Now that she had a moment to breathe, she looked for Quinn. Where had he gone? She hadn’t told him the other part of the plan, because of course he wouldn’t go along with it, and now he’d disappeared. She had a pretty good idea where he’d gone, though. Excusing herself from Adam, she crossed the street between a 1970s era convertible and an ATV and ran up the steps to the bar. She pushed open the door.

And there he was, behind the bar, two older guys sitting in front of him nursing beers.

“Quinn, I need you.”

He dropped the bar towel to the counter and heaved a sigh. “Now what?”

“I need you to come out to the parade.”

“Lily, I have customers.”

She rolled her eyes. “And it’s awfully early for beer. Come on. They’ll wait for you.”

He huffed, and addressed the man directly in front of him. “I know my inventory down to the ounce, so don’t think you can pull one over on me.” He shut off the tap and followed Lily out the door.

“What is it you need me to lift, carry, haul or rewire?”

“Actually, I need you to ride.”

He blinked. “To ride?”

“One of the vehicles is a tribute to vets.”

He rocked back, shaking his head, which is why she hadn’t told him in the first place. “Vets are old guys. And besides, I’m not the smile and wave type.”

“Don’t I know it,” she muttered. “But it’s important. It’s important people honor you for what you did over there.”

“I don’t want them to. I don’t care.”

“But they know you served, and they’ll wonder why you’re not on the float.”

“Lily, it’s not a float. It’s somebody’s trailer.”

“Okay, it’s a trailer, but all the town’s veterans will be there.”

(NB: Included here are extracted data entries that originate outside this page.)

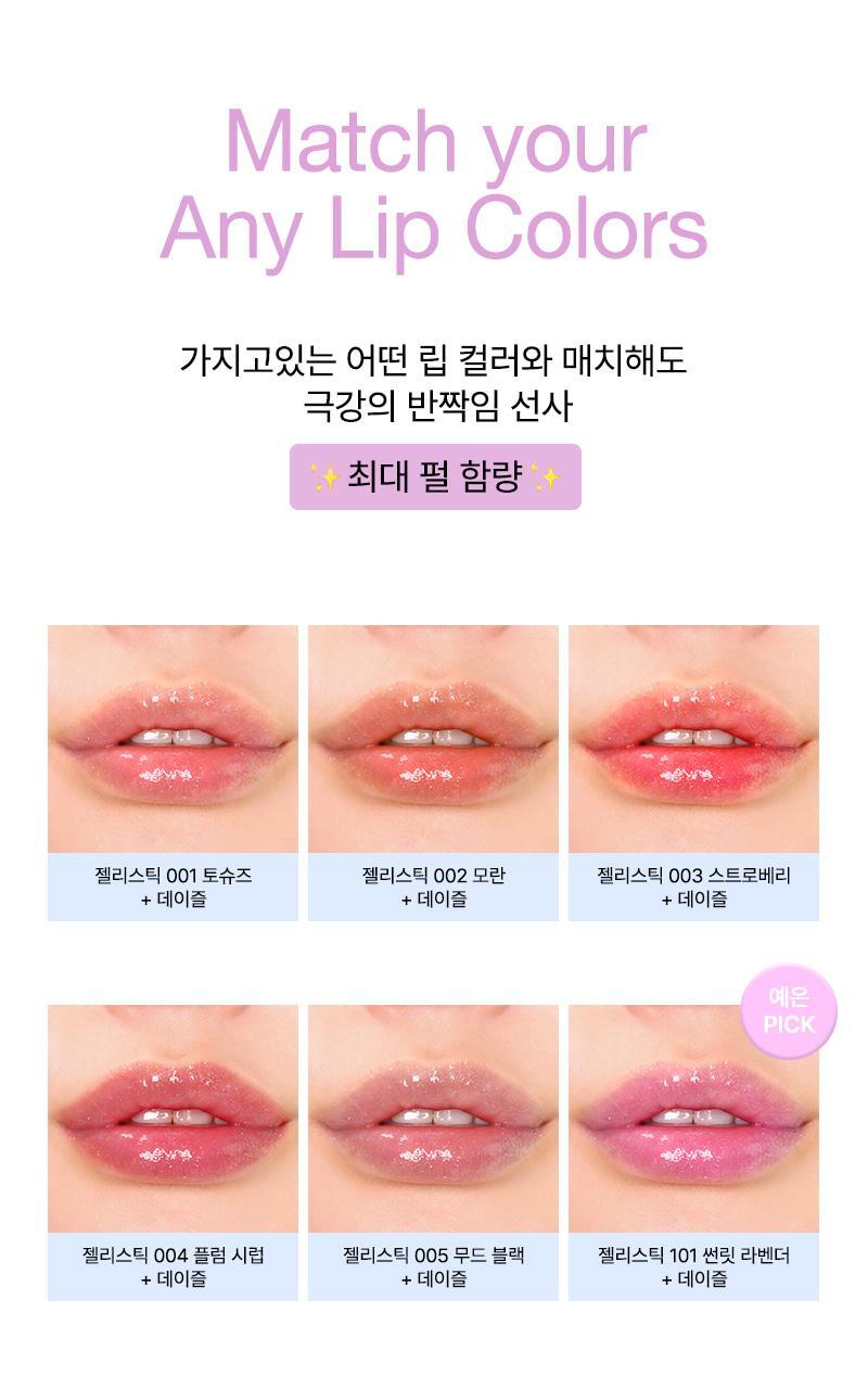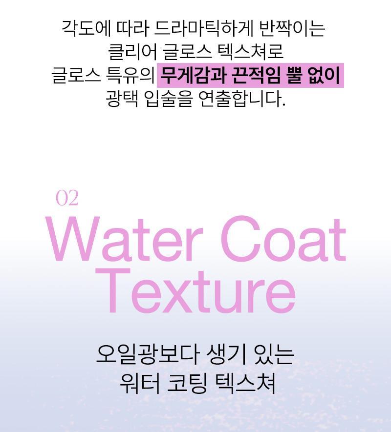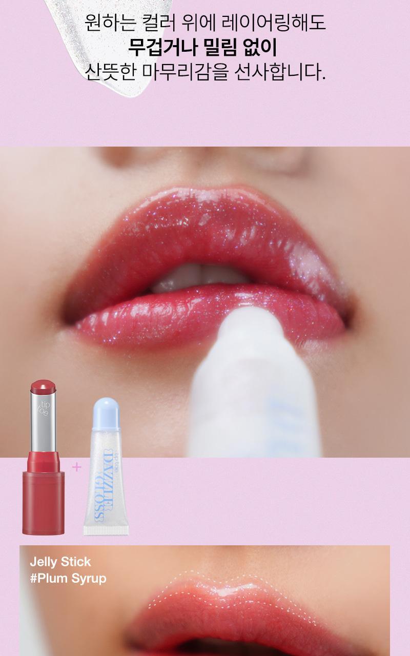 Delivers a scoop of sparkling peptides and vegan collagen to the lips. Provides an ultimate shimmer that matches any lip color you have. When matched with tiptoe Jelly Stick, it transforms into a sparkling summer juicy lip. Light texture, but a dramatic glossy effect. Showcasing a fantasy gloss fantasy with a light feel proposed by tiptoe. Shows a transparent glossy effect on the lips. A water coating texture that is more lively than oil shine. Adds moisture to the lips and provides a water coating effect with a moisturizing texture. A wearable formula that lightly adheres to the lips without sticky discomfort with an indescribable smooth and light feel. Provides a fresh and clean finish even when layered over desired colors. A mysterious glitter lip gloss that combines pink, green, and purple pearls on a clear and transparent base.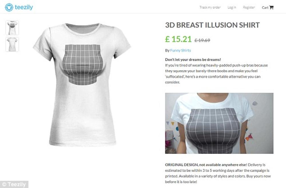 Na internetu su svi poludeli za "pametnom majicom", koja vizuelno uvećava grudi. Obična bela majica, preko poprsja ima crno belu mrežu, što grudi čini većima ukoliko ih gledate sa prednje strane.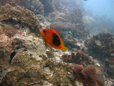 天気:晴れ、波:0.6m、流れ:ほとんど無し、水温:30℃、透視度:12m程度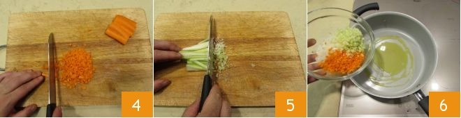peel the carrot, chop it as well 4, and finally chop the celery, removing the outer strings 5. Pour the oil into a pan along with the chopped mix for the sauté (onion, carrot, and celery) 6.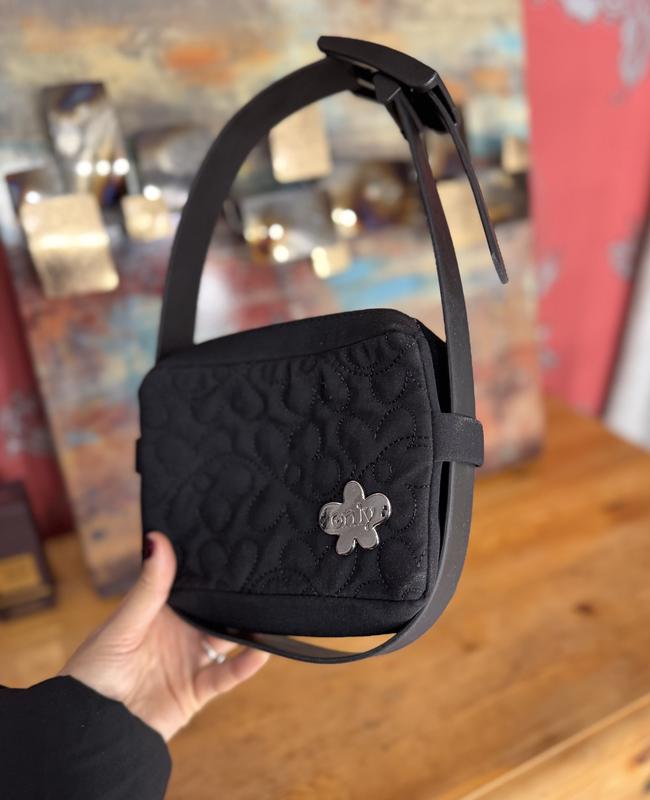 Сумка Only, черная. Материал: нейлон с стежкой. Компактная, одно основное отделение. Фурнитура серебристая, логотип-цветок. Ремень: жесткий силиконовый, регулируемый. Состояние отличное.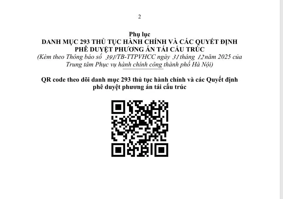 Thông cáo báo chí nêu rõ: Thực hiện chỉ đạo của Bí thư Thành ủy tại Thông báo Kết luận số 12-TB/BCĐ ngày 15/11/2025 của Ban Chỉ đạo 57 Thành ủy, Giám đốc Trung tâm Phục vụ hành chính công TP (theo ủy quyền của Chủ tịch UBND TP) đã ký ban hành các Quyết định phê duyệt phương án tái cấu trúc đối với 293 thủ tục hành chính thuộc các lĩnh vực để cung cấp dịch vụ công trực tuyến, dịch vụ công trực tuyến toàn trình, liền mạch, tối ưu chi phí (chi tiết tại mã QR), Trung tâm Phục vụ hành chính công TP trân trọng triển khai đồng loạt từ ngày 1/1/2026: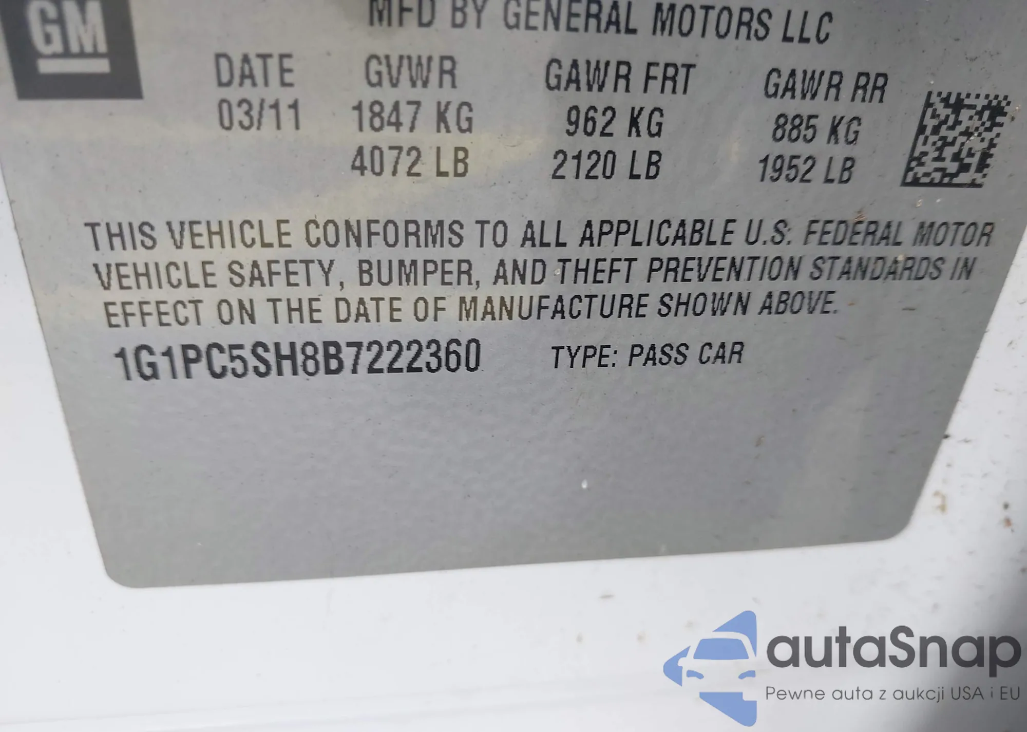VIN: 1G1PC5SH8B7222360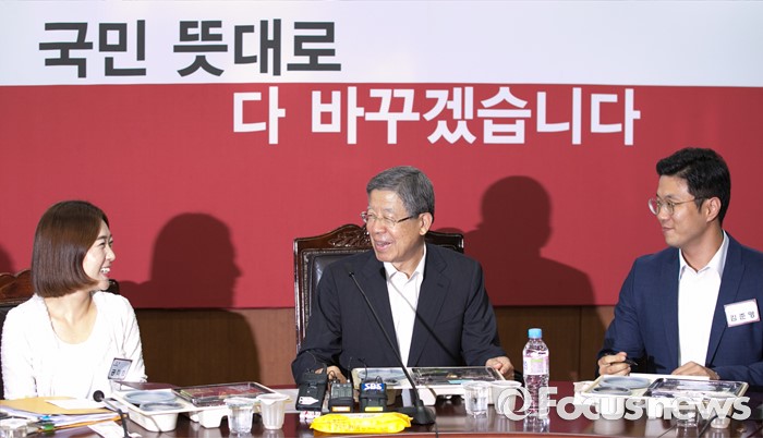 (서울=포커스뉴스) 김희옥(가운데) 새누리당 혁신비대위원장이 7일 오후 서울 여의도 당사에서 청년 사무처 당직자와의 도시락 간담회에 참석해 대화하고 있다.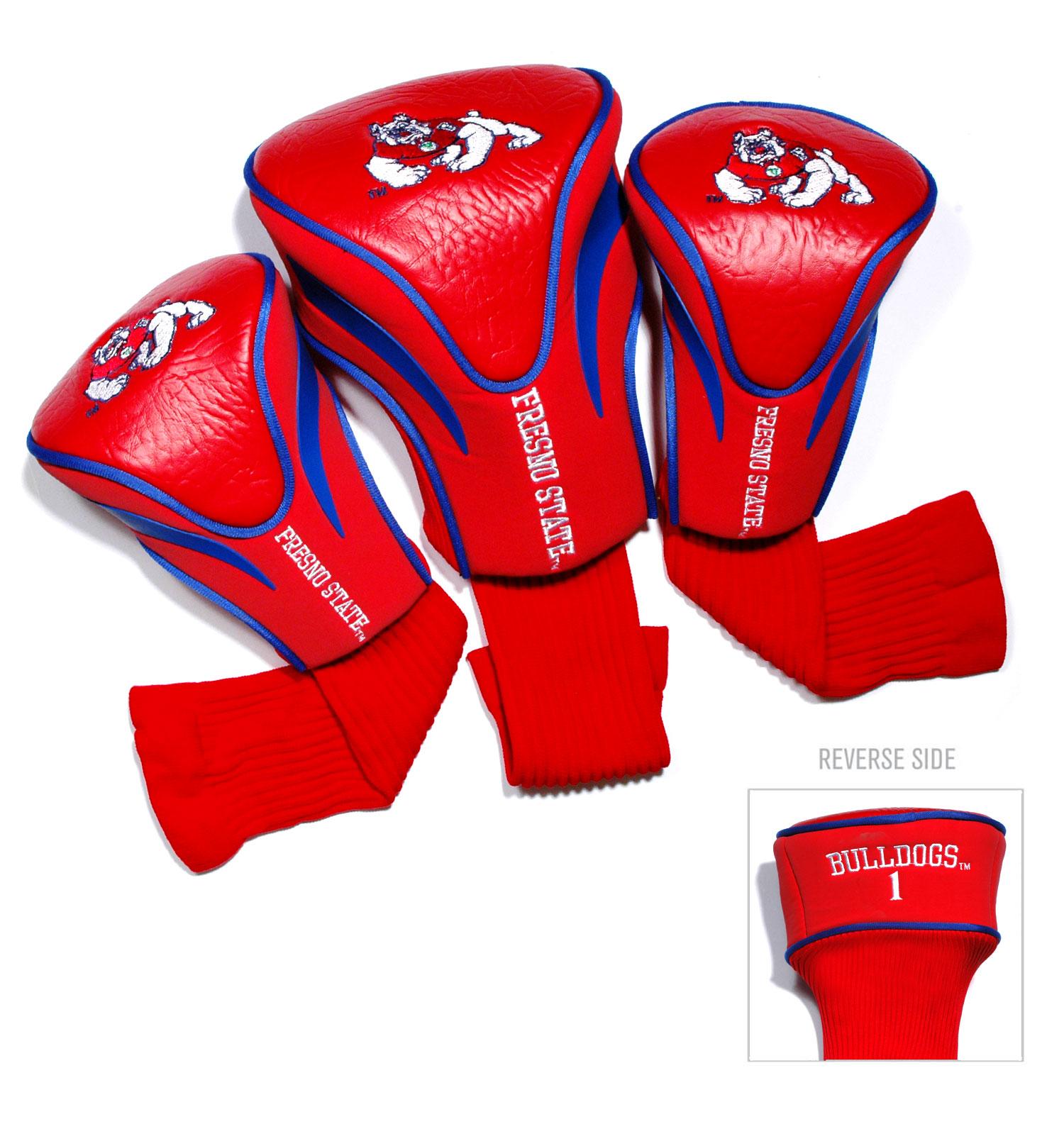 Fresno State Bulldogs Contour Fit Headcover Set. Take your team pride to the golf course with this Fresno State Bulldogs Contour Fit Headcover Set. Set includes 3 stylish contoured headcovers with innovative materials and sleek design - numbered 1, 3 and X. *The #1 fits all oversized drivers *Nylon sock protects shafts from damage *Officially licensed by the NCAA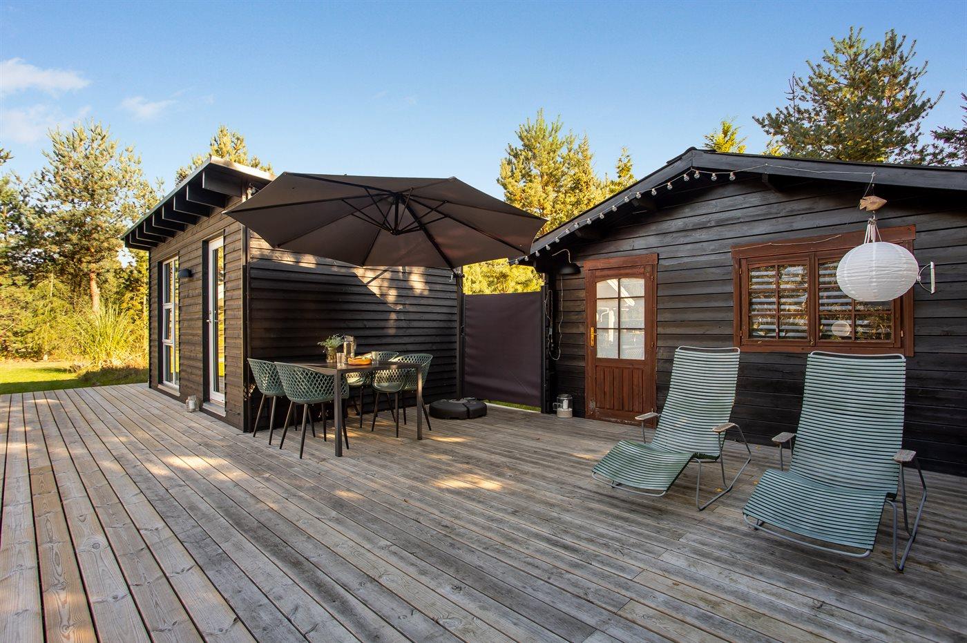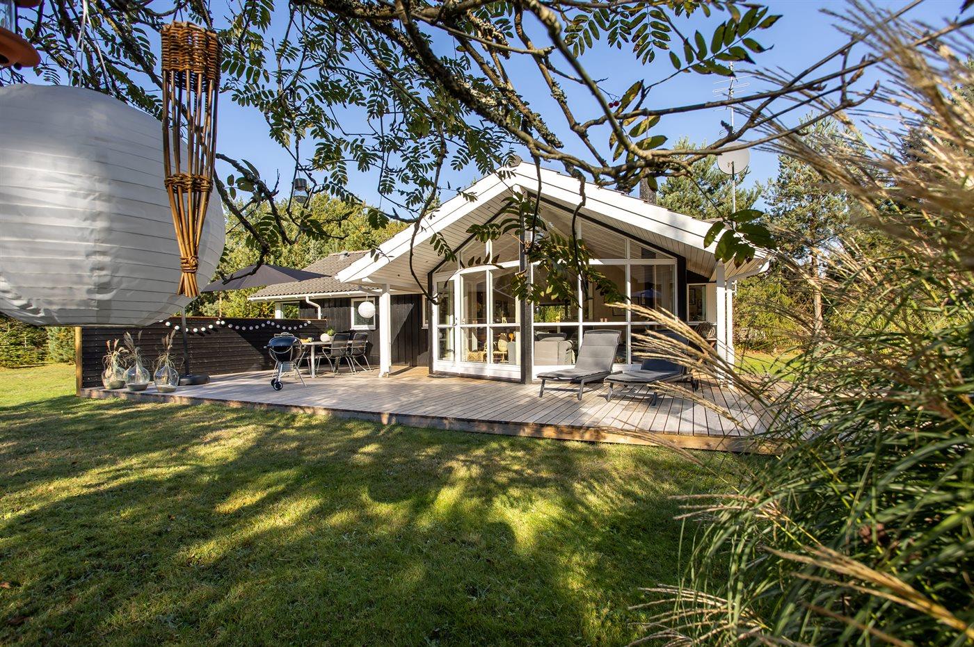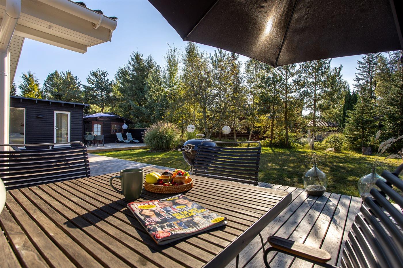 Ferieboligen er beliggende på en 1273 m² stor naturgrund. Der er 900 m til havet. Til ferieboligen hører åbent terrasseareal. Bålsted. Udendørs sauna. Grill til rådighed. Der er installeret stik til opladning af elbil. Type 2 stik. Parkering ved ferieboligen.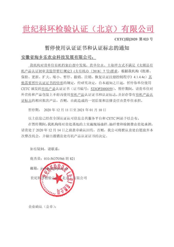 暫停使用認(rèn)證證書和認(rèn)證標(biāo)志的通知

“I don’t usually associate with them, you know. Our experiences were—different.”

“How do you know that if you don’t associate with them?” she countered. She knew she’d face a fight, but she saw herself winning. She always did with him. This time, though, looked doubtful.

He stepped back and spread his arms. “Tell me, do I look like a soldier?”

What he looked was delicious, his hair just long enough to flip up in curls above his ears and his neck. His ubiquitous white T-shirt stretched across his broad shoulders, and it had shrunk just enough that it exposed the bottom of the tattoo on his bicep, the boots and the barrel of the rifle. He wore jeans that hugged his narrow hips, and hiking boots. His usual uniform.

“You don’t have a hat or a sash with your medals or anything?”

He set his jaw. “I’m not digging that shit out.”

“Well, then, just you. Come on. They’re going to be getting ready to go soon. You need to get out there. We want to honor you.”

He grunted. “Gerry was the one we should be honoring. He was the hero.”

She drew in a breath. She knew only a little about that day when Gerry died, but she knew that Quinn hadn’t left his friend’s side until the body was recovered. Of course he wouldn’t want to remember that. Of course he wouldn’t see himself as a hero for that. She rested her hand over his tattoo, the one she’d never seen all of, but the one that she knew was a memorial to Gerry, empty boots, a gun buried in the ground between them, with a helmet resting on the butt.

“Okay. I won’t push.”

He snorted.

“I won’t. This is me, walking away. See? Out the door.” She held it for a moment and he followed, as if to make sure she made good on her word. “Down the steps.”

He stayed where he was.




What the hell was he doing? The trailer with the vets on it wasn’t hard to find. It had more crepe paper than the rest of the floats combined, and flags flying from each corner, and the emblem of each branch of the service hand drawn on poster board. He paused for a moment to inspect the detail included. Not too bad.

It also was the one with a bunch of gray-haired guys, most wearing VFW caps. A couple guys had POW emblems, which made him feel very small. But every man grinned when he approached, wearing his camouflage Army cap low over his eyes, the only thing he hadn’t packed away, never to be seen again. One of the old guys held out a hand, like he needed help getting onto the trailer, and he sat as far in the center as he could get, away from the attention of the crowd.